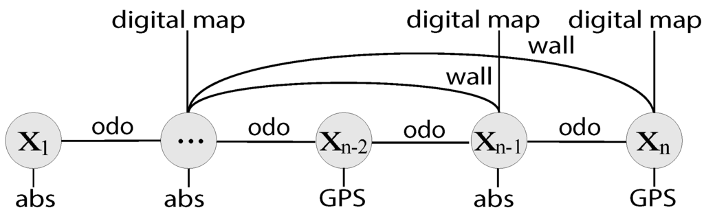 Depiction of the pose-graph SLAM factors. Odometry constraints (odo) are sequential whereas wall loop constraints (wall) can be non-sequential. Absolute constraints (abs) includes digital map correction and altimeter. GPS factors may occur irregularly. When wall is created, we also provide a digital map correction factor.
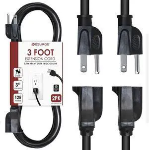 Digital Energy 3 Prong 3 Foot Indoor Outdoor Extension Cords 2 Pack, Heavy Duty Power Cords 13A 125V 60Hz 1625W, UL Listed, Black
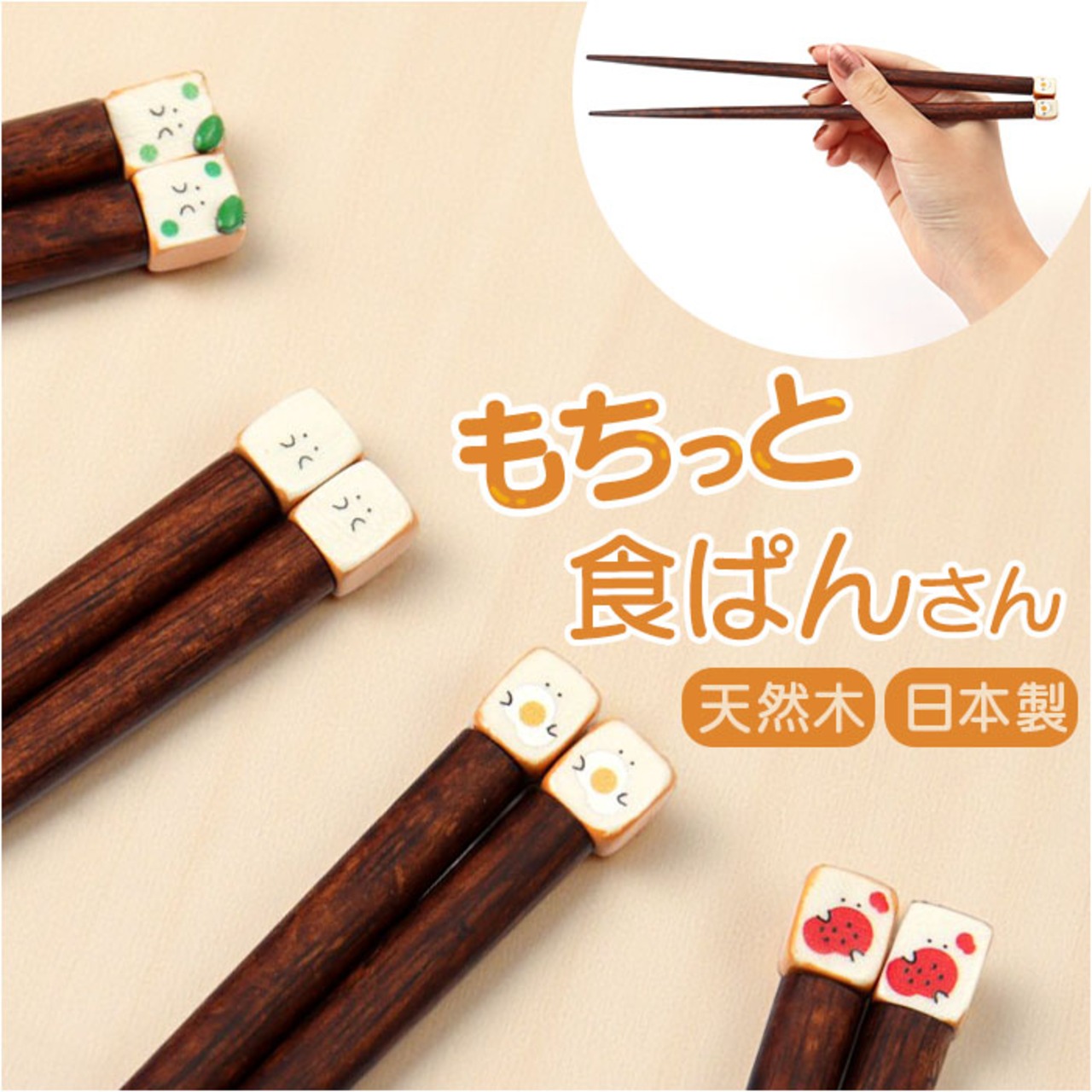 ・小さな食ぱんさんが、お箸の上にちょこん♪家族用にデザイン違いで揃えたり、贈り物にも!

Work to complete =
Your answer should be every line above, written out exactly, with no pictures.

Answer for the task =
 Depiction of the pose-graph SLAM factors. Odometry constraints (odo) are sequential whereas wall loop constraints (wall) can be non-sequential. Absolute constraints (abs) includes digital map correction and altimeter. GPS factors may occur irregularly. When wall is created, we also provide a digital map correction factor.
 Digital Energy 3 Prong 3 Foot Indoor Outdoor Extension Cords 2 Pack, Heavy Duty Power Cords 13A 125V 60Hz 1625W, UL Listed, Black
 ・小さな食ぱんさんが、お箸の上にちょこん♪家族用にデザイン違いで揃えたり、贈り物にも!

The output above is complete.